Воспоминания о другом времени, другом месте, нахлынули с такой силой, что у меня закружилась голова. Вот ТАК насмешливое Провидение ответило на мою молчаливую мольбу о возвращении в то неповторимое прошлое, когда мы с Эмерсоном были всем друг для друга – до Рамзеса? Именно таким я увидела его в тот незабываемый день, войдя в амарнскую гробницу и обнаружив его в бреду и лихорадке. Я сражалась со смертью, чтобы спасти его, и тогда победила. Но сейчас... он лежал так неподвижно, его заострившееся неподвижное лицо напоминало пожелтевший воск. Только такой любящий взгляд, как мой собственный, мог заметить почти незаметные вздымание и опускание его груди. Как же им удалось довести столь сильного человека до подобного состояния всего за несколько дней?

Отблеск смерти, отразившийся от предмета на столе, дал мне ответ. Это была игла для инъекций.

То, что я обнаружила дальше, лишь усилило мой ужас. Я видела, что руки Эмерсона вытянуты над головой в застывшем, неестественном положении. Теперь я поняла, почему. Тянувшаяся от наручников на запястьях цепь была перекинута петлёй через решётку изголовья узкой кровати.

Я не в силах объяснить, почему именно эта деталь так сильно повлияла на меня. Вполне разумная предосторожность: ведь любой, намеревавшийся оставить Эмерсона там, где сам Эмерсон не желал оставаться, был бы попросту глуп, если бы пренебрёг подобными ограничениями. Тем не менее, это сильно меня расстроило, и, возможно, сила моего возмущения объясняет, что случилось дальше.

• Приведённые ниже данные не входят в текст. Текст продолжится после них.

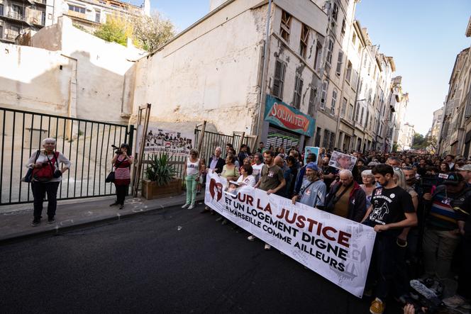Manifestation pour réclamer le droit à un logement décent et rendre hommage aux victimes de l’effondrement des deux immeubles de la rue d’Aubagne,à Marseille,le 3 novembre 2024. MIGUEL MEDINA/AFP « C’est pas les pauvres qu’il faut virer. C’est pas les tours qu’il faut raser. C’est le mal-logement qu’il faut traiter. » Le slogan a résonné plusieurs fois,dimanche 3 novembre,dans la rue d’Aubagne (1er arrondissement),à Marseille. Quatre jours avant l’ouverture du procès devant déterminer les responsabilités ayant conduit à l’effondrement de deux immeubles qui,le 5 novembre 2018,ont fait huit morts,plusieurs centaines de manifestants sont venus demander « justice et vérité » pour les victimes. Mais aussi rappeler à quel point la question de l’habitat indigne reste centrale dans la deuxième ville de France,six ans après le drame.

Я смутно разбирала голоса у дверей. К охраннику присоединился ещё один человек, они громко разговаривали и, очевидно, рассказывали непристойные истории, потому что беседа сопровождалась хриплым смехом. Внезапно звуки исчезли, будто заглушённые жужжанием насекомых. Чёрное облако окутало меня, в ушах яростно зазвенело…

Придя в себя, я увидела встревоженное лицо Абдуллы, чуть ли не касавшееся моего. Одной рукой он зажимал мне рот.

– Охранники ушли выпить пива, но они вернутся, – прошипел он. – Вы слышите меня, ситт? Демон оставил вас?

Я не могла говорить, поэтому моргнула. Бросая на меня тревожные взгляды, он ослабил хватку, палец за пальцем. Я почувствовала резкую, стреляющую боль в собственных руках. Посмотрев вниз, я увидела, что вцепилась в тяжёлую решётку и выдрала её из каркаса. Мои пальцы были разодраны и кровоточили.

Абдулла бормотал по-арабски заговоры и заклинания для отвращения сил зла.

– Демон… оставил меня, – прошептала я. – Просто удивительно. Уже второй раз. А я ещё смеялась над Эмерсоном, когда он рассказывал мне о первом случае[130]. Придётся теперь мне рассказать ему и попросить прощения за то, что я сомневалась, когда он... когда мы...

К вящему ужасу, я обнаружила, что не могу контролировать свой голос. Я спрятала лицо в ладонях.

Рука, нежная, будто женская, гладила мои волосы.

– Дочь моя, не плачь. Неужели ты веришь, что я посмел бы назвать себя человеком и другом, если бы оставил его лежать там? У меня есть план.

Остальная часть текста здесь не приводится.